Linking Online Profiles
I took a seminar called Quantifying Data Privacy during my senior year at Wellesley College. The primary goal of the course was to explore the different ways data scientists and computer scientists measure data privacy. We did this by reading research papers, pouring over current event articles, and running our own experiments.
A requirement of this course was to complete a final project tying concepts we learned in the class and coding together. Over the course of the semester, I became interested in pseudo-anonymous profiles on online platforms like Reddit. In particular, I wondered if people shared enough information that they could actually be identified. For my final project, I worked with two other students as we tried to see how closely we could correlate profiles across social media platforms: Reddit, Twitter, and Instagram.
For the main part of this project, we did the following:
Grabbed 1,000 Reddit profiles off the front page and turned them into Redditor objects using the PRAW library. These Redditor objects contained information like: username, comments, popular subreddits, most common posting times, and word frequency counts.
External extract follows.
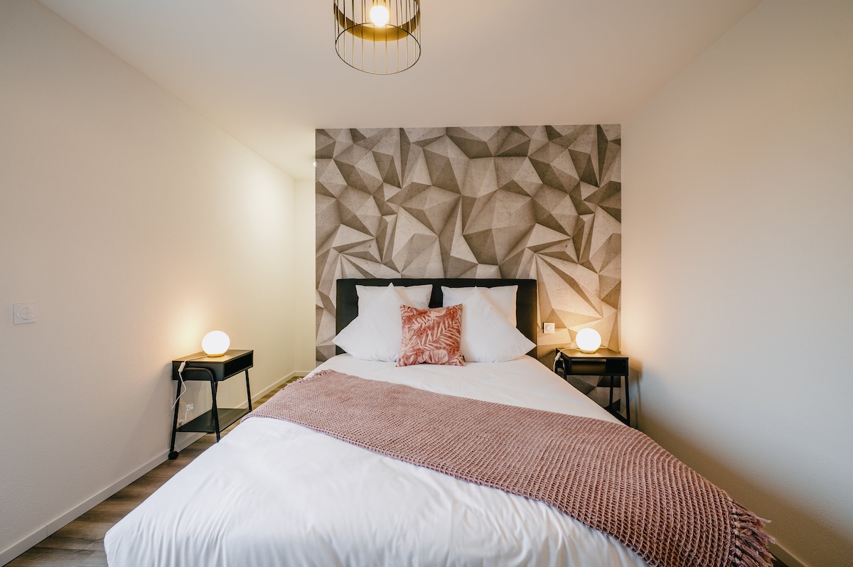 Magnífico alojamiento nuevo con jacuzzi, en un entorno tranquilo e íntimo, cerca de Europapark y Rulantica. Ubicado en el corazón de Alsacia, entre Estrasburgo y Colmar. Venga a disfrutar de su spa privado, en un diseño moderno y depurado. Ideal para una escapada en pareja. El alojamiento consta de una cocina equipada, una zona de comedor, una sala de estar con dos meridianos, una televisión inteligente con NETFLIX y WiFi. Arriba, una gran suite le espera con acceso directo al baño.

We then compared the Redditor objects with similarly named objects on Twitter and Instagram. So, for example, we would compare a Redditor object with a username like ‘baseballFan’ to objects with the same name created from Twitter and Instagram APIs.
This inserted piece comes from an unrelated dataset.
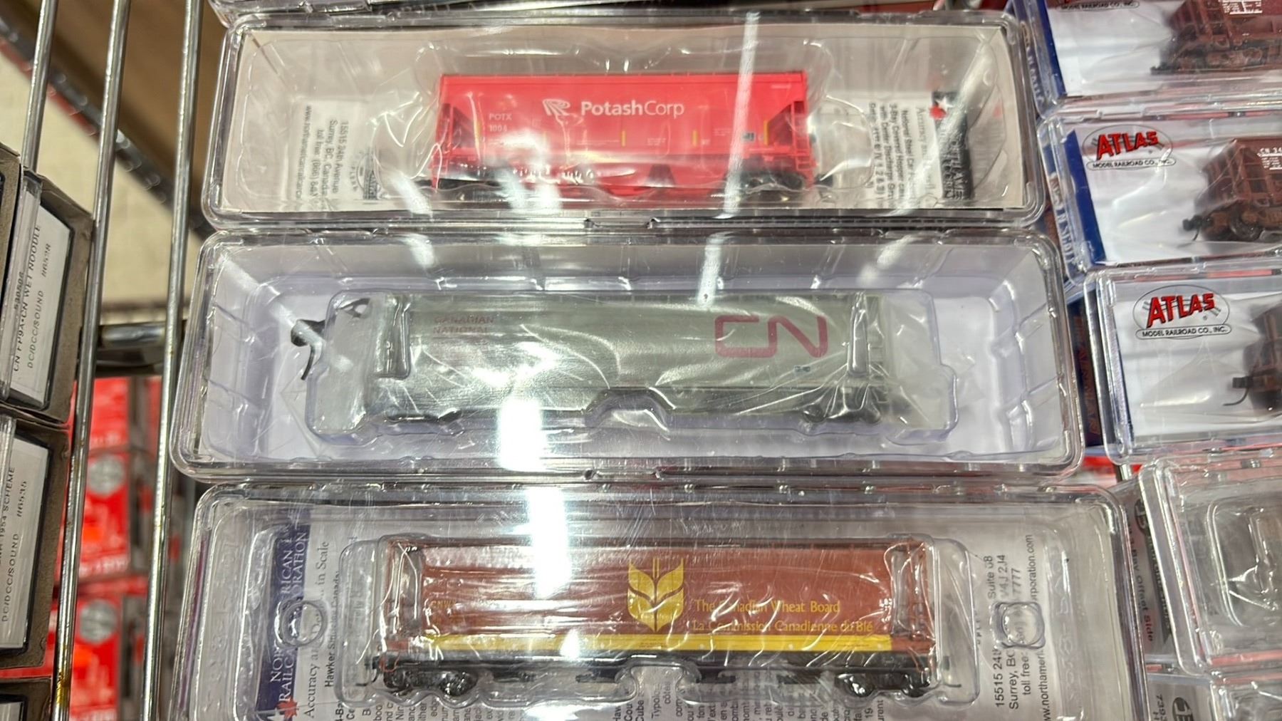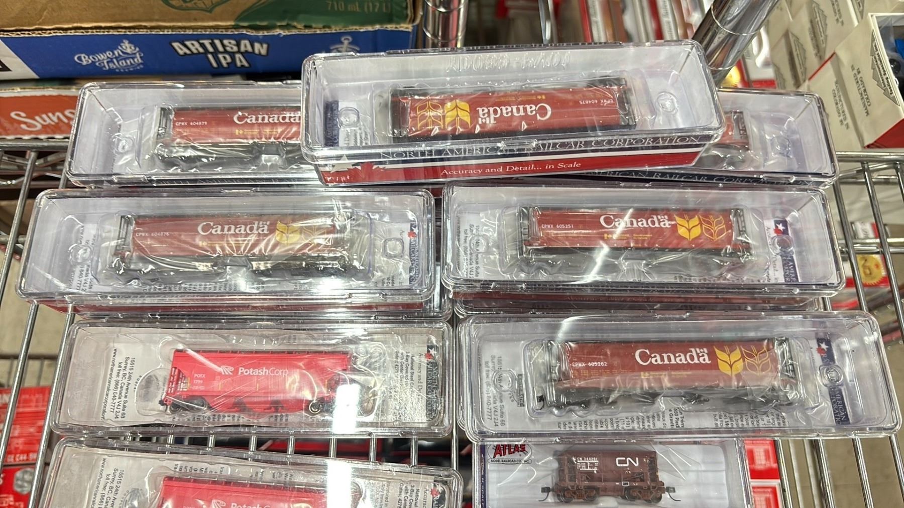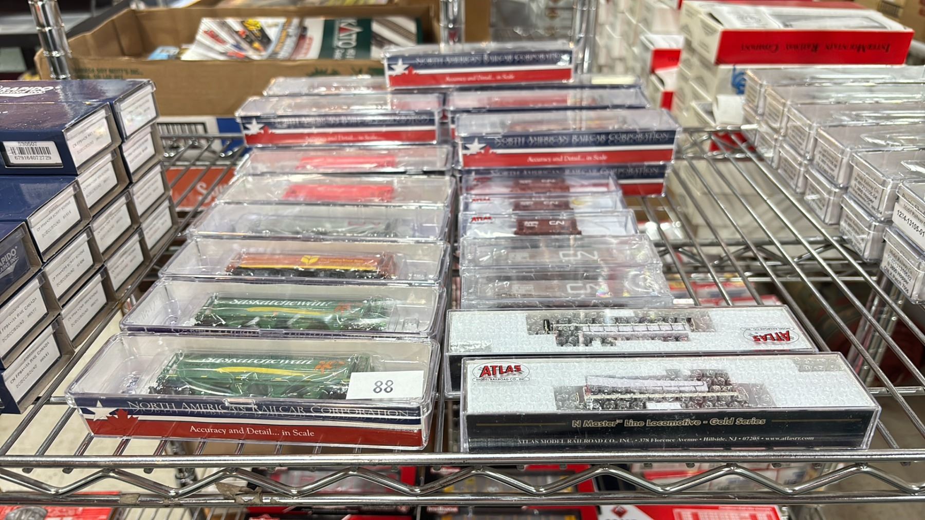(24) ASSORTED MODEL TRAINS INCLUDING; NORTH AMERICAN RAILCAR CORPORATION 4-BAY CYLINDRICAL HOPPERS, ATLAS N MASTER LINE LOCOMOTIVE GOLD SERIES ALCO S-2, ATLAS N SCALE TRAINMAN 70 TON ORE CAR CANADIAN NATIONAL & MORE

We did some basic comparisons to try to estimate how confident we could programmatically tie ‘baseballFan’ on Reddit to ‘baseballFan’ on Twitter or Instagram. Things we compared:
Normalized word frequencies combined with similar comment or post topics
Location and other proper noun references
Overall, through the coding portion of the project, we were only able to find slight indications of correlations between profiles across social media sites. However, if I were to redo this project today, I believe I would be able to come away with more conclusive results. Regardless, this experiment confirmed the following: people share a ton of personal information assuming that they are completely anonymous!
We also conducted informal research using Amazon Turk. We created a survey to be filled out by self-described Redditors (people who regularly interact as a pseudo-anonymous profile) about their choices and behaviors around online profiles.
Overall, we received 342 responses. Out of the respondents, 65% were male and the majority were between the ages of 18 and 35. Although the survey only provided anecdotal evidence, the results correlated to what we saw in our coding experiment and other articles we had read in class. In particular, we found these insights to be interesting:
Most people (~70%) only had one account on each platform (Reddit, Twitter, Instagram)
Women were slightly more likely to use different usernames across platforms
Younger respondents were more likely to use different names across platforms
We used a final free-text question in the survey to prompt the respondents to write about anything they considered important while making decisions around creating new online profiles. From these responses, we created a word cloud that proved to be a great discussion piece in our class.